К Везеру вышла она быстро и беспрепятственно. На обратном же пути, поскольку ведра были весьма тяжелы, решила идти напрямик. И ступила на Гауптштрассе, широкую главную улицу, пересекавшую Гамельн насквозь. Прокаженного она увидала издали: он шел в ее сторону. Тогда решила Мирелла свернуть в проулок по правую руку. Но в тот же миг застрекотала оттуда трещотка и послышался крик: «Сжальтесь над прокаженным!» Заслышав сие, она замерла, напрягши слух. И третий стрекот зазвучал за спиной. Окружена.
Сжав зубы, пошла она дальше по Гауптштрассе.
И вновь раздался клик: «Сжальтесь над прокаженным!» Что же, и она подхватит проказу? Говаривали, что довольно оказаться в одном дуновении ветра с больным, чтобы миазмы недуга прилепились и стали точить тело. Чтобы ободрить свой дух, стала она на ходу молча слагать считалку:
Проказа, проказа,
Про казнь
Знает всё
Миазм
Прокаженный приближался. Мирелла представляла, как проказа бежит за ним, будто пес. Недуг виделся ей крошечной жабой с подтрещинами на коже: подступишься близко – она прыгнет, ввернется в твою плоть, точно грибы-наросты на древесных стволах.
Проказа, проказа,
Простой
Мой спрос:
Цел нос?
Мирелла задумалась, каких запахов будет недоставать ей без носа. Если поразмыслить, до чего же в Гамельне смрадно! Горожане выплескивали на улицы помои и свои испражнения. Летом из сточных канав поднимался стойкий гнилостный дух, а в нем роились бессчетные мухи. Лишь один отрадный запах вспомнился ей: мокрой земли на берегу Везера. Прокаженного уже можно было разглядеть. Мирелла решила, что проживет и без носа.
Проказа, проказа
Прокралась,
Перст – хвать
Или пять.
Без пальцев таскать воду она не сможет. Придется ей уйти в лепрозорий. Что там за жизнь? Может, и не хуже, чем у водоноски. Мирелла подошла еще на пару шагов. Прокаженный постукивал в двери, предлагая мелкий товар: ткани, ленты, деревянную утварь.
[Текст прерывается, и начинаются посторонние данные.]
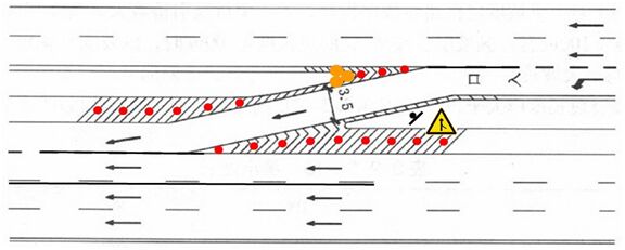 (2)應做到車道連續(xù)與平衡原則即快速路分合流處,應增加適當長度的輔助車道,同一條道路相鄰路段的基本車道數【道路在全長或較長路段內必須保持的車道數】每次增減不得多于1條,變化點應距離互通式立交500m至1km,并設漸變率不大于1/50過渡段。

Тщетно: никто не открывал. Кому взбредет в голову купить то, до чего касался прокаженный?
Проказа, проказа,
Приказ
Пасть ушам
По клокам.
Мирелла замерла. Без ушей – прощай, музыка. Не слыхать ей ни своих напевов, ни музыкантов по бургомистровым празднествам. Вдруг проказа предстала ей гораздо жуткой участью.
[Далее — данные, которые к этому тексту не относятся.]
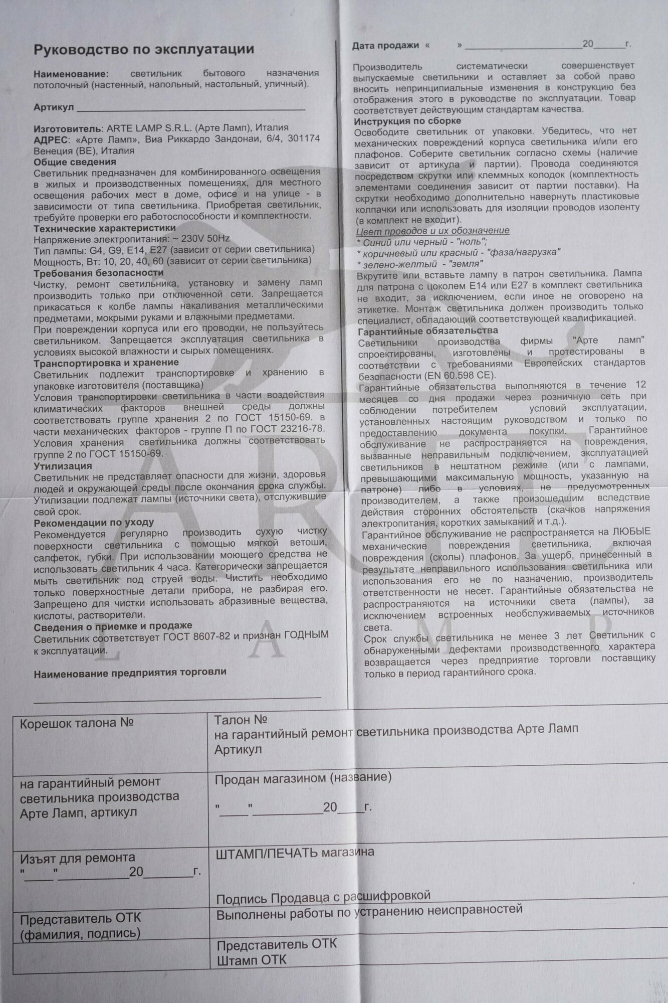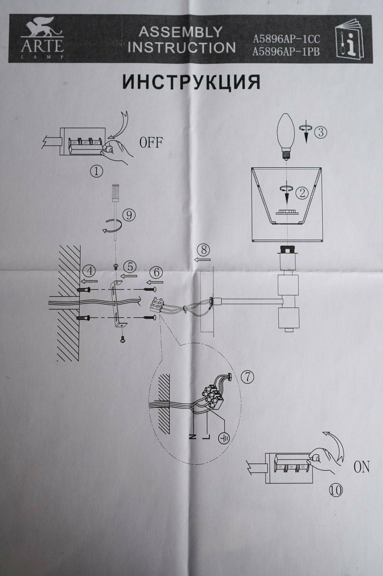 | Комплектация | бра Arte Lamp A5896AP-1PB |

Она огляделась кругом. И уже задумала было бросить ведра и бежать. Да только некуда: всюду пришлось бы миновать прокаженного. Она взглянула на запертые дома. Постучи она в такой, впустят ли хозяева? Голос трезвого рассудка шепнул ей, что нечего и пытаться.
Прокаженные неумолимо приближались. И уж мерещилось Мирелле, как ползет на нее жуткий недуг. Кожу проняла дрожь. Пальцы на ногах поджались. Она мечтала умалиться до крошки.
Один прокаженный уже добрел до Миреллы. Узрев ее, он замер на миг и разинул рот – до того обык видеть град безлюдным. И тут же ринулся к углублению в стене. Он потупил голову и вжался в него всем телом, дабы занять поменьше места, дать ей пройти. Мирелла уняла дыхание и решилась.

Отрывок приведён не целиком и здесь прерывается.